Dans le salon de Julie, Talma connut tous les grands orateurs de la Gironde, Vergniaud, Guadet, Gensonné ; il avait fréquenté précédemment Barnave et Mirabeau, qui, comme on l’a vu plus haut, s’était intéressé à lui dans la question du Charles IX. « C’est au milieu d’eux, disait-il à M. Audibert, que j’ai puisé une lumière nouvelle, que j’ai entrevu la régénération de mon art. Je travaillai à montrer sur la scène, non plus un mannequin monté sur des échasses, mais un Romain réel, un César homme, s’entretenant de sa ville avec ce naturel qu’on met à parler de ses propres affaires ; car, à tout prendre, les affaires de Rome étaient un peu celles do César. » Il reçut même chez lui Dumouriez, alors tout-puissant, et que déjà pourtant Marat poursuivait de ses accusations, dont le bien fondé fut si pleinement justifié plus tard. C’est chez Mme Talma qu’eut lieu cette scène singulière, racontée par les historiens de la Révolution : Marat, qui savait y trouver Dumouriez, pénètre dans les salons, sans être le moins du monde invité, et s’attaque au général, qui le regarde à peine et l’écrase d’un haussement d’épaules méprisant ; Marat le suit imperturbablement à travers les invités, et Dugazon, avec une extravagance et une audace sans pareilles, suit à son tour Marat en jetant des parfums sur une pelle rougie au feu, « afin de purifier, disait-il, l’air que ce monstre infectait par sa présence. » Le lendemain, Talma et ses amis étaient portés sur les listes de proscription de Marat, et il ne dut la vie, sans doute, qu’à son immense talent.

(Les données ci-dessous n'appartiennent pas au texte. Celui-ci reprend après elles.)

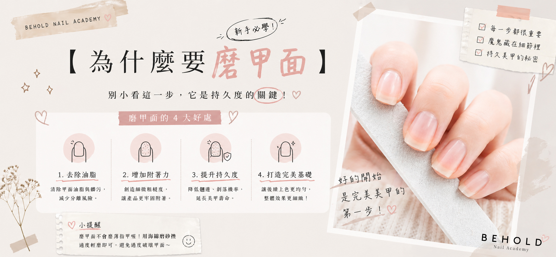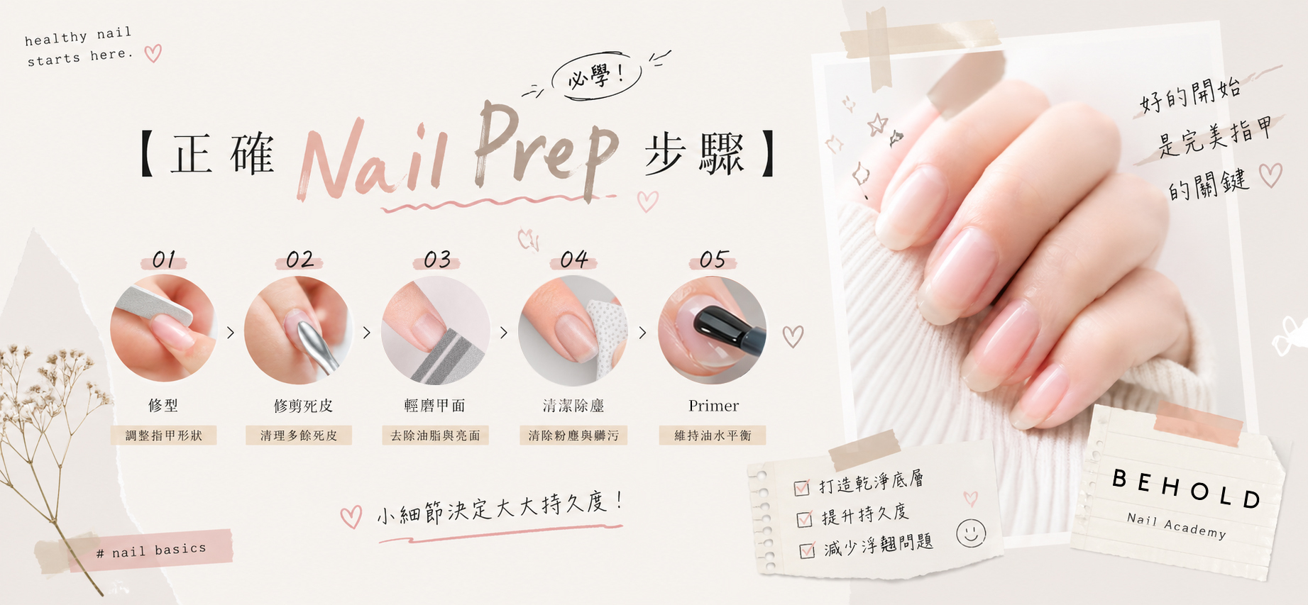 🔍 問題明明跟足教程上膠、照燈,但 gel nail 就是做不好、不是起翹就是甲面不平?其實問題大多不在上膠,而是在上膠之前——Nail Prep 做得好,後面所有步驟事半功倍。💡 原因很多人急著上膠,把 prep 步驟草草了事甚至完全跳過。但甲面上的油脂、水分、死皮,會直接阻礙 gel 的附著力,讓所有後續步驟都白費。✅ 正確 Nail Prep 完整步驟Step 1:洗手 做甲前先徹底洗淨雙手,去除表面污垢,但洗完要等雙手完全乾透再開始,水分殘留同樣影響附著力。Step 2:修甲形 用銼甲棒把甲形修整至你想要的形狀(方形、橢圓、杏仁形),同一方向銼,不要來回鋸,避免甲尖撕裂。Step 3:推甲皮 用木棒或不鏽鋼推皮棒,輕柔地把甲皮推向後方,讓甲面完全露出。甲皮推乾淨,Base Coat 才能真正貼住甲板。Step 4:修剪多餘甲皮 用甲皮剪輕輕剪去推起來的多餘死皮,動作要輕,不要剪到活組織,避免出血或發炎。Step 5:磨甲面 用 180 度細砂棒輕輕打磨整個甲面,讓甲板表面製造微細紋路,增加附著力。力度要輕,目的是「磨粗」不是「磨薄」。Step 6:清除粉塵 用乾淨的刷子(Dust Brush)把磨甲產生的粉塵掃走,確保甲面乾淨。Step 7:Primer 增強附著 上一層薄薄的 Primer,等待乾透後才上 Base Coat。Primer 是 gel 與甲板之間的「黏合橋樑」。💬 BEHOLD Tips: Prep 做好後,甲面看起來會呈現啞白色,代表油脂已徹底去除。如果仍然反光,建議再用 Primer 補一次。

Les dissensions intestines de la Comédie-Française n’ayant pas pris fin, loin de là, Talma, Dugazon, Mme Vestris, Desgarcins et Lange s’étaient séparés de la troupe du faubourg Saint-Germain, et le résultat avait été l’établissement du théâtre de la Nation, au Palais-Royal (notre Théâtre-Français actuel), que Chénier inaugura le 27 avril 1791 par son Henri VIII. C’est là que Talma passa toute la période de la Terreur, en jouant d’une façon incomparable les tragédies de Chénier, de Ducis, d’Arnault et de Lemercier ; loin que son feu fût affaibli par la préoccupation des dangers qui menaçaient sa vie, ses contemporains remarquèrent qu’au contraire les angoisses de son esprit lui donnaient une énergie nouvelle. Après le 9 thermidor, il semble qu’il aurait pu respirer à l’aise ; il n’en fut rien. On l’accusa d’avoir trempé dans les crimes de ceux-là même qui l’avaient dénoncé et proscrit ; c’était la vieille haine des comédiens du faubourg Saint-Germain qui se faisait jour à l’heure favorable et profitait d’une période de réaction. Dans la soirée du 21 mars 1795, comme il jouait dans Épicharis et Néron, de Legouvé, il fut accueilli par des murmures et même interpellé directement par un pamphlétaire. Sortant alors de son rôle et s’avançant vers la rampe : « Citoyens, s’écria-t-il, j’avoue que j’ai aimé et que j’aime encore la liberté, mais j’ai toujours détesté le crime et les assassins. Le règne de la Terreur m’a coûté bien des larmes, la plupart de mes amis sont morts sur l’échafaud. Je demande pardon au public de cette courte interruption ; je vais m’efforcer de la lui faire oublier par mon zèle. » Le public applaudit et fit taire les dénonciateurs ; Mlle Contat se sépara publiquement, quelques jours après, sur la question de Talma, des sociétaires de la Comédie, avec lesquels elle avait fait jusque-là cause commune, et rendit pleine justice, dans une lettre qui fut imprimée, à ses sentiments honnêtes et modérés.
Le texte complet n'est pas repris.